Oil Prices Records Upward Gain On Potential Supply Fear In Middle East

Yemisi Izuora 

Oil prices edged up on Thursday to extend gains into a third straight session, as tensions in the Middle East stoked fears of potential disruptions to supply.

Brent crude futures were at $72.04 a barrel, up 27 cents, or 0.4 per cent, from their last close. Brent closed up 0.7 per cent on Wednesday.

Also, the US West Texas Intermediate, WTI, crude futures were at $62.27 per barrel, up 25 cents, or 0.4 per cent, from their previous settlement. WTI closed up 0.4 per cent in the previous session.

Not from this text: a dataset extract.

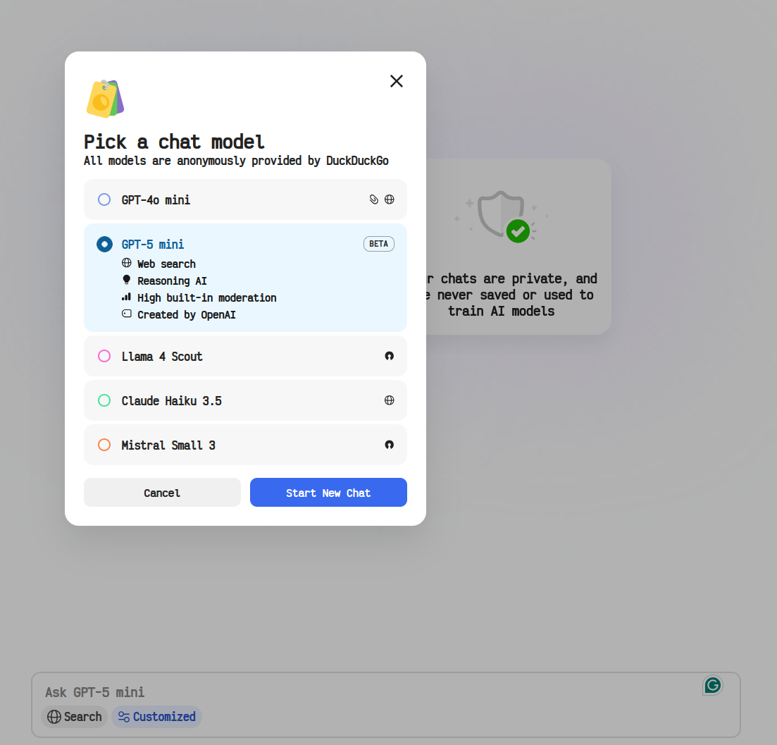 Duck.ai can utilize multiple models and integrate duckduckgo's own search engine ^_^

Analysts said oil was drawing support from heightened tensions in the Middle East, with helicopters carrying US staff from the American embassy in Baghdad on Wednesday out of apparent concern about perceived threats from Iran.

“(Middle East tensions have intensified), with the US ready to apply pressure in Tehran and evacuating its embassy in Iraq due to security concerns,” said Alfonso Esparza, senior market analyst, OANDA.

However, a surprise increase in US stockpiles was dragging on prices.

US crude inventories rose unexpectedly last week to their highest since September 2017, while gasoline stockpiles decreased more than forecast, the Energy Information Administration (EIA) said.

Crude stocks swelled by 5.4 million barrels, surprising analysts who had expected a decrease of 800,000 barrels.